No, not talking about losing control and going crazy.

Instead thinking about the amazing transformation that takes place in life as we let go of what might have been and anticipate what is coming. It’s not always easy. Some are quick to advise others to “move on” when times have been tough. I believe we are not all wired the same; “moving on” appears in different forms for a multitude of reasons. Where there is resolution, revelation, explanation, and even reasoning – “moving on” takes form and substance probably more quickly. When few of those helpful ingredients are manifest there is a greater challenge. Anger, regret, grief, and even revenge over the past can cause deep potholes to emerge on the road of “moving on”.

Some of us “move on” and bear no thought to consequence, accountability, or personal responsibility. Others of us carry too much of all three and lurch forward agonizing with every step. We need one another to find a balance in that journey traversing life in the past, present, and future.

It is far too easy to linger on the past and be robbed of our present and future. And when God has been an important part of our lives sometimes the process is complicated even more. We need loads of patience with one another, space to move (or not), time to heal, recognition that what may have worked for me could well not apply or be helpful for you. Eventually, no matter how we arrive, the time comes when we are weary of brooding, anger no longer comforts, and explanations or resolution being offered by others is not forthcoming. That’s when meltdown rises like the beautiful dawning of a new beginning.

It’s the moment when we step in and take charge. We gather up all the ‘issues’, regrets, disappointments, wrong moves, mistakes, and whatever else clutters our fretting heart and spirit, and take them somewhere. Many people dig a hole in the backyard of their beings and bury them. Others block them out, shoving them deep in drawers and other crevices of the mind.

To my way of thinking those options are the equivalent of stashing my garbage in the house or garden. I’d rather go to the dump and visit recycling. It’s a wonderful feeling unloading my vehicle of trash and driving home free of all that stuff.

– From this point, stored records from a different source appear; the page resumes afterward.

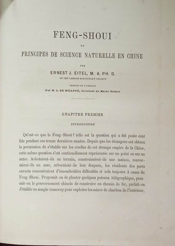 Feng-Shoui ou Principes de Science Naturelle en Chine
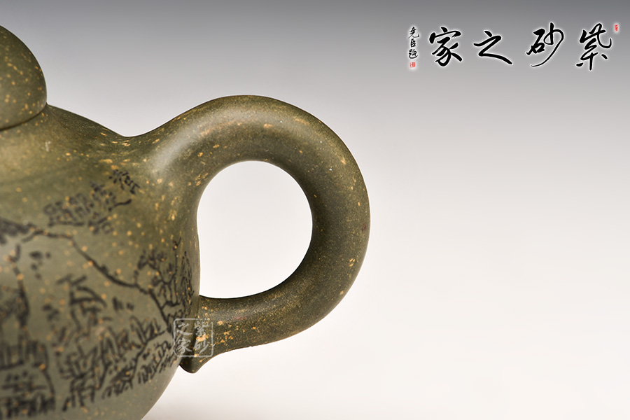 作品醇厚素凈,圓潤豐腴的壺身,自然胥出上揚的彎流,嘴口下壓,出水順暢;耳形壺把,形態(tài)優(yōu)美,曲直有度;加上小巧微鼓的壺蓋及珠形鈕,整體比例協(xié)調,端莊而規(guī)整,線條流暢,耐人尋味。
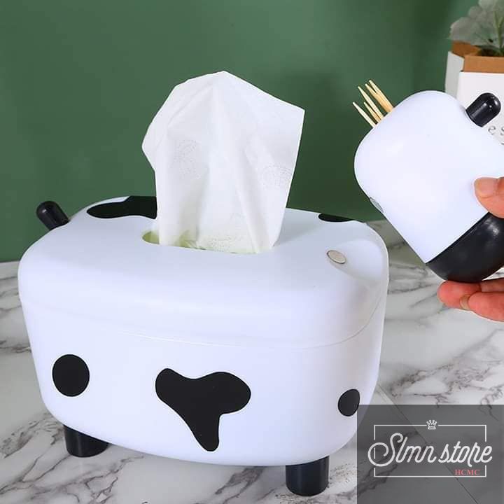 Thông tin sản phẩm :Hộp đựng giấy ăn kèm đựng tăm 2in1 Bò Sữa
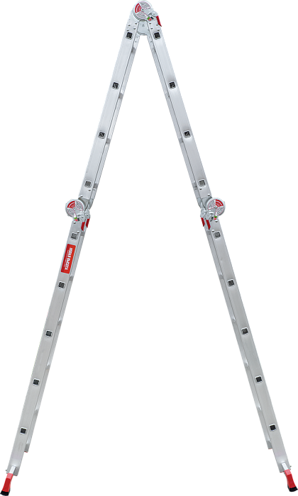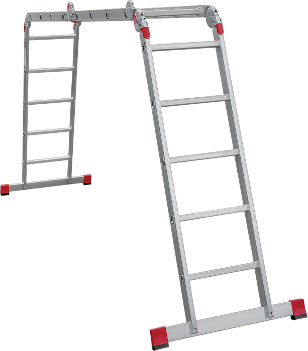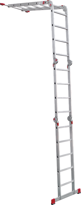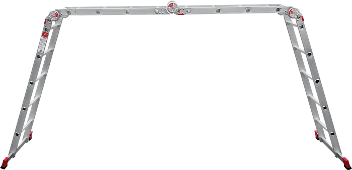 Профессиональная многофункциональная шарнирная лестница "4 в 1": приставная, Г-образная с опорой на стену, двухсторонняя стремянка, помост.  Увеличенная ширина для свободы перемещений.
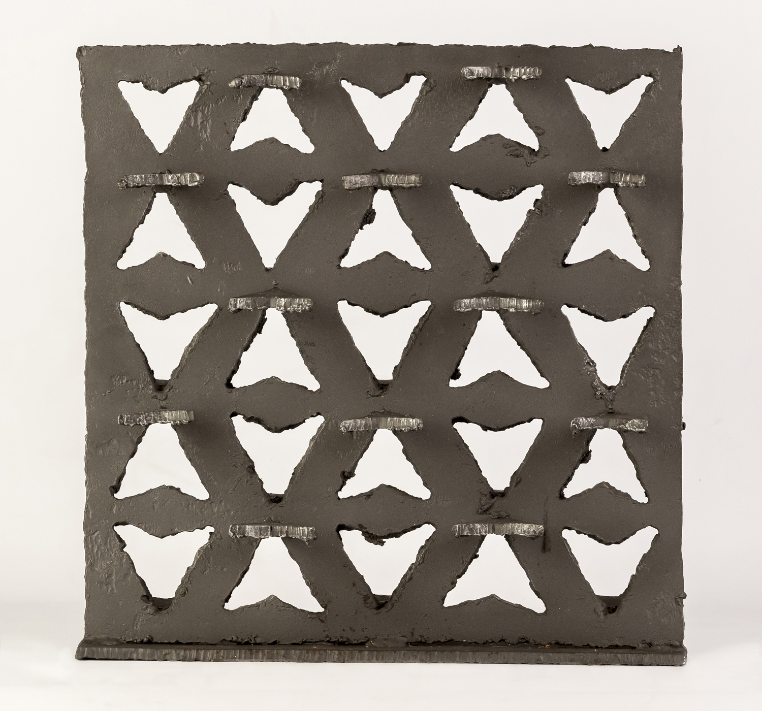 Si tratta del bozzetto pensato per il portale della chiesa di San Paolo, a Vicenza. Benetton voleva che la luce potesse entrare dal portale anche quando era chiuso. Perciò pensò di tagliare la lastra riprendendo la forma delle spine. Tuttavia, in fase realizzativa, le punte sporgenti verso l'esterno vennero considerate pericolose e quindi sostituite con tagli rettangolari, verticali. Giovanni Benetton ha rinvenuto nell'officina paterna alcuni calcoli matematici che mostrano le complesse riflessioni di Benetton prima della traduzione del pensiero in immagini definitive. Nel nostro bozzetto, che ha una spiccata struttura modulare, balza all'occhio la disposiozione degli elementi cinque per lato.

There is a strange and common view that to be Christian implies perfection, best behavior, no wrong turns, no mistakes, no betrayals or desires for revenge. One of the significant and practical differences between a follower of Jesus and a self-sufficient fellow traveler is the access to a garbage dump. Fact is we all mess up no matter who we are. When Jesus died on the Cross for the sins of the world he opened the access to that unique place in the human spirit where forgiveness bubbles up for all who come. Throw the garbage in and the weight, the guilt, the stench, the accusation, the shame, is washed away.

And it’s more than that.

If we pay attention over time something new emerges. If we could see and hear in the supernatural we would discern that all that we have dumped, regretted, and agonized over has been recycled. Melted down in the infinite mystery and power of God to become something better, redemptive, more empowering, and character forming. A situation that broke us in the past loses it’s fear, what we used to hide from others is no longer a secret bringing shame. We discover that light shines more beautifully through the cracks of ‘who we are becoming’ – we have no need of a perfect story to feel accepted, secure, or even ‘Christian’. For instance, humility is never manifest in us brand new. It is always delivered from our meltdown past and gifted quietly from heaven to replace some of our less attractive junk.

I sometimes forget, but have never forgotten, how God showed me a shipwreck transformed into a life-bearing reef teeming with sea life and fish. “That’s what I do with all you bring me,” he whispered. Whether melting down and making new, or sinking ships, he redeems and transforms – always.

The take away? Stop trying to be perfect or covering up the less attractive parts of you. Consider and face the past until you can honestly bundle it up and let go – without having reasons and answers. That’s a sure way to make space for the new and better qualities of character and life to be received. Others will rejoice and you will be blessed. Meltdown is a great antidote to a hardened heart. Mercifully, it even takes with it the need to know why.